So, obviously, the first thing you try to do is measure your own velocity with respect to light's frame of reference. Measure the difference between observed physics and Maxwell's predictions for light's frame of reference. Funny thing: no trace of it. Are we, after all, the one reference frame the whole Universe bows to ? Then again, we know the Earth is spinning and that, in spinning frames of reference, gravity isn't as simple as Newton's laws (one needs centrifugal and Coriolis adjustments, at least) – nor, indeed, is electrodynamics – so obviously a spinning frame as the Universe's viewpoint is right out. But the labs in which the ingenious interferometry was done were sat on the Earth's crust, so spinning. Even if so slowly spinning that the effect was too small to be noticed, the velocity of a lab in one place on the Earth is different from another elsewhere: the experimenters would never have considered for a moment the absurd idea that they had happened to select, as the location for their lab, the one location on the Earth which the reference frame of light honoured. What would happen if they had an Earth-quake ?
So, obviously, if one lab sees light's velocity as independent of direction (where we might expect it to appear to move slower, as we catch up on it, if it is going in the same direction as us; but faster, as we rush apart, if it goes the other way) then so will any other lab. If that's true all over the Earth, it has to be true for any lab anywhere, in the sense that if you took the lab, sealed it up tight, dragged it to somewhere else and did experiments in the lab while it was there, you'd still find things to be the same.

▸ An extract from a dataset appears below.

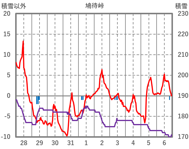 | 日 | 時 | 気温 | 降水 | 風向/風速 | 日照 | 積雪 | 降雪 |

So, if light has a reference frame of its own, in which Maxwell's equations
take their neatest form, the Universe must be playing some trick which conceals
our movement, relative to that frame, from us. Fortunately, as this idea began
to take shape, we
had Henri
Poincaré on hand to point us away from the metaphysical trap. An
illusion that convincing is real. In more modern terms, physics is
about describing the illusion the Universe gives us that we know
as reality
. So, in fact, the speed of light is
the same to all
observers.
With hind-sight, of course, it's all obvious. The great thing Albert
Einstein did was to grab hold of the beautiful truths (physics looks the same to
any observer, Maxwell's equations should take their cleanest form) and hold
firm to them while struggling free of the obvious
presumption which
permeated the very culture from which he had learned those truths. Once he was
done, a new viewpoint entered that culture and has shaped the notions
of obvious
that spring readily to my mind.
Special Relativity came about from recognizing that Maxwell's equations must look the same for all observers and, in particular, the speed of light must appear the same to all observers, regardless of the velocity of the light's emitter or receiver.
Special Relativity is effectively an amended description of the ideal
domain
I attributed to Newton earlier: massive bodies do, indeed, move in
straight lines at steady speed; though the size, shape and mass of a body turn
out to depend on its velocity (in an understood way). It is what you get if you
use Lorentz invariance (inferred from Maxwell's
equations – it uses light as a yard-stick) in place of Galilean
invariance.
Now, the ideal domain
only actually matches Newton's description as
seen by an observer who isn't accelerating or spinning. So, rather than
discussing the domain itself, we discuss the frame of reference
of an
observer: and Newton's first law becomes an assertion that there are frames of
reference in which (except in so far as Newton's second law comes into play)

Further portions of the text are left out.